The \(\hat{\mathcal{H}}_{R_i}\) terms have the form:
\[\begin{split}\hat{\mathcal{H}}_{R_i} = R_i\begin{bmatrix}
0 & \sqrt{3}k_y & -\sqrt{3}k_z & 0 & 0 & 0
\\ %%%%%%%%%%%%%%%%%%%%%%%%%%%%%%%%%%%%%%%%%%%%%%%
2k_x & -k_y & -k_z & 0 & 0 & 0
\\ %%%%%%%%%%%%%%%%%%%%%%%%%%%%%%%%%%%%%%%%%%%%%%%
0 & 0 & 0 & 0 & \sqrt{3}k_y & -\sqrt{3}k_z
\\ %%%%%%%%%%%%%%%%%%%%%%%%%%%%%%%%%%%%%%%%%%%%%%%
0 & 0 & 0 & 2k_x & -k_y & -k_z
\end{bmatrix}\end{split}\]
where \(R_i\) are the interband momentum matrix elements between the corresponding bands.
The matrix is transposed in upper triangular for the \(\hat{\mathcal{H}}_{R_1}\) term.

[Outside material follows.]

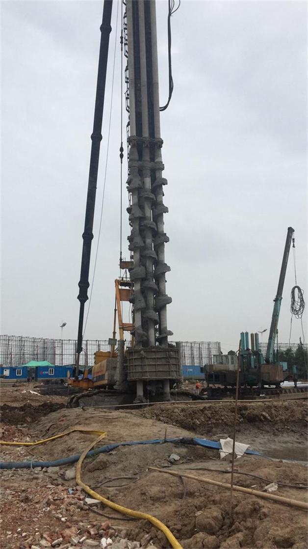 在本工程中住宅区和商业S-2采用预应力混凝土管桩,桩型为PHC600(130)-AB-C80;地库和大商业地下车库采用预应力混凝土方桩,桩型为AZH-40-12D。基坑支护部分采用三轴搅拌桩、钻孔灌注桩、双轴深层搅拌桩、预应力锚索钢板桩及高压旋喷桩等施工工艺。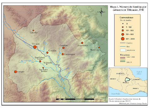 El comercio fue uno de los factores que motivó el rápido poblamiento de españoles, mestizos y mulatos en la ciudad, en las haciendas y en los pueblos de la provincia. Aunque Villaseñor y Sánchez no ofrecen una cifra concreta sobre la ciudad, sí llaman la atención sobre las «muchas familias de españoles, y gente blanca» que la habitaban. Sin embargo, en el caso de las haciendas circunvecinas, «siendo de igual consideración el número de familias de mestizos, y mulatos, y otras Naciones […]», el cálculo del autor fue de unas 300 familias22. Por lo que puede inferirse que entre el campo y la ciudad había unas 600 familias, cifra que podía corresponder a una población aproximada de 2700 habitantes. Esta cantidad, aunque considerable, no tenía comparación con la población en 1745 con la población indígena establecida en la capital de la provincia que, sin contar la treintena de pueblos y barrios que estaban sujetos a sus nueve cabeceras, ascendía al número de 9.360. En número de población la cabecera que seguía era Acatepec con 860 familias indígenas que equivalían aproximadamente a 4.310 habitantes, mientras que el número de españoles, mestizos y mulatos era de 40 familias por lo que no sobrepasaba los 180 habitantes. Estos datos corresponden solo a las cabeceras de la provincia (Véase mapa: Cabeceras de Tehuacán en 1791). Villaseñor y Sánchez no describen los barrios, pueblos y haciendas que estaban en cada una de estas jurisdicciones, por lo que la información es apenas un bosquejo general de la dinámica demográfica y económica que tenía Tehuacán en el siglo XVIII.

The \(\hat{\mathcal{H}}_{Q_i}\) terms have the form:
\[\begin{split}\hat{\mathcal{H}}_{Q_i} = Q_i\begin{bmatrix}
0 & k_z & k_y & 0 & 0 & 0
\\ %%%%%%%%%%%%%%%%%%%%%%%%%%%%%%%%%%%%%%%%%%%%%%%
k_z & 0 & k_x & 0 & 0 & 0
\\ %%%%%%%%%%%%%%%%%%%%%%%%%%%%%%%%%%%%%%%%%%%%%%%
k_y & k_x & 0 & 0 & 0 & 0
\\ %%%%%%%%%%%%%%%%%%%%%%%%%%%%%%%%%%%%%%%%%%%%%%%
0 & 0 & 0 & 0 & k_z & k_y
\\ %%%%%%%%%%%%%%%%%%%%%%%%%%%%%%%%%%%%%%%%%%%%%%%
0 & 0 & 0 & k_z & 0 & k_x
\\ %%%%%%%%%%%%%%%%%%%%%%%%%%%%%%%%%%%%%%%%%%%%%%%
0 & 0 & 0 & k_y & k_x & 0
\end{bmatrix}\end{split}\]
2.15.3. Spin-orbit splitting term
The spin-orbit splitting part of the Hamiltonian is given below (in the same block form as in equation (2.15.2.1)):
\[\begin{split}\hat{\mathcal{H}}_{SO}
=
\begin{bmatrix}
0 & 0 & 0 & 0 & 0 & 0 & 0 & 0
\\ %%%%%%%%%%%%%%%%%%%%%%%%%%%%%%%%%%%%%%%%%%%%%%%
& \hat{\mathcal{H}}^{\Delta}_{d} & 0 & 0 & 0 & 0 & 0 & \hat{\mathcal{H}}^{\Delta}_{vd}
\\ %%%%%%%%%%%%%%%%%%%%%%%%%%%%%%%%%%%%%%%%%%%%%%%
& & 0 & 0 & 0 & 0 & 0 & 0
\\ %%%%%%%%%%%%%%%%%%%%%%%%%%%%%%%%%%%%%%%%%%%%%%%
& & & 0 & 0 & 0 & 0 & 0
\\ %%%%%%%%%%%%%%%%%%%%%%%%%%%%%%%%%%%%%%%%%%%%%%%
& & & & 0 & 0 & 0 & 0
\\ %%%%%%%%%%%%%%%%%%%%%%%%%%%%%%%%%%%%%%%%%%%%%%%
& & & & & \hat{\mathcal{H}}^{\Delta}_{c} & 0 & \hat{\mathcal{H}}^{\Delta}_{vc}
\\ %%%%%%%%%%%%%%%%%%%%%%%%%%%%%%%%%%%%%%%%%%%%%%%
& & & & & & 0 & 0
\\ %%%%%%%%%%%%%%%%%%%%%%%%%%%%%%%%%%%%%%%%%%%%%%%
& & & & & & & \hat{\mathcal{H}}^{\Delta}_{v}
\end{bmatrix}\end{split}\]
where the non-zero blocks are given by:
\[\begin{split}\hat{\mathcal{H}}^{\Delta} = \frac{\Delta}{3}\begin{bmatrix}
-1 & -i & 0 & 0 & 0 & 1
\\ %%%%%%%%%%%%%%%%%%%%%%%%%%%%%%%%%%%%%%%%%%%%%%%
i & -1 & 0 & 0 & 0 & -i
\\ %%%%%%%%%%%%%%%%%%%%%%%%%%%%%%%%%%%%%%%%%%%%%%%
0 & 0 & -1 & -1 & i & 0
\\ %%%%%%%%%%%%%%%%%%%%%%%%%%%%%%%%%%%%%%%%%%%%%%%
0 & 0 & -1 & -1 & i & 0
\\ %%%%%%%%%%%%%%%%%%%%%%%%%%%%%%%%%%%%%%%%%%%%%%%
0 & 0 & -i & -i & -1 & 0
\\ %%%%%%%%%%%%%%%%%%%%%%%%%%%%%%%%%%%%%%%%%%%%%%%
1 & i & 0 & 0 & 0 & -1
\end{bmatrix}\end{split}\]
where \(\Delta\) is the spin-orbit splitting energy of the corresponding band.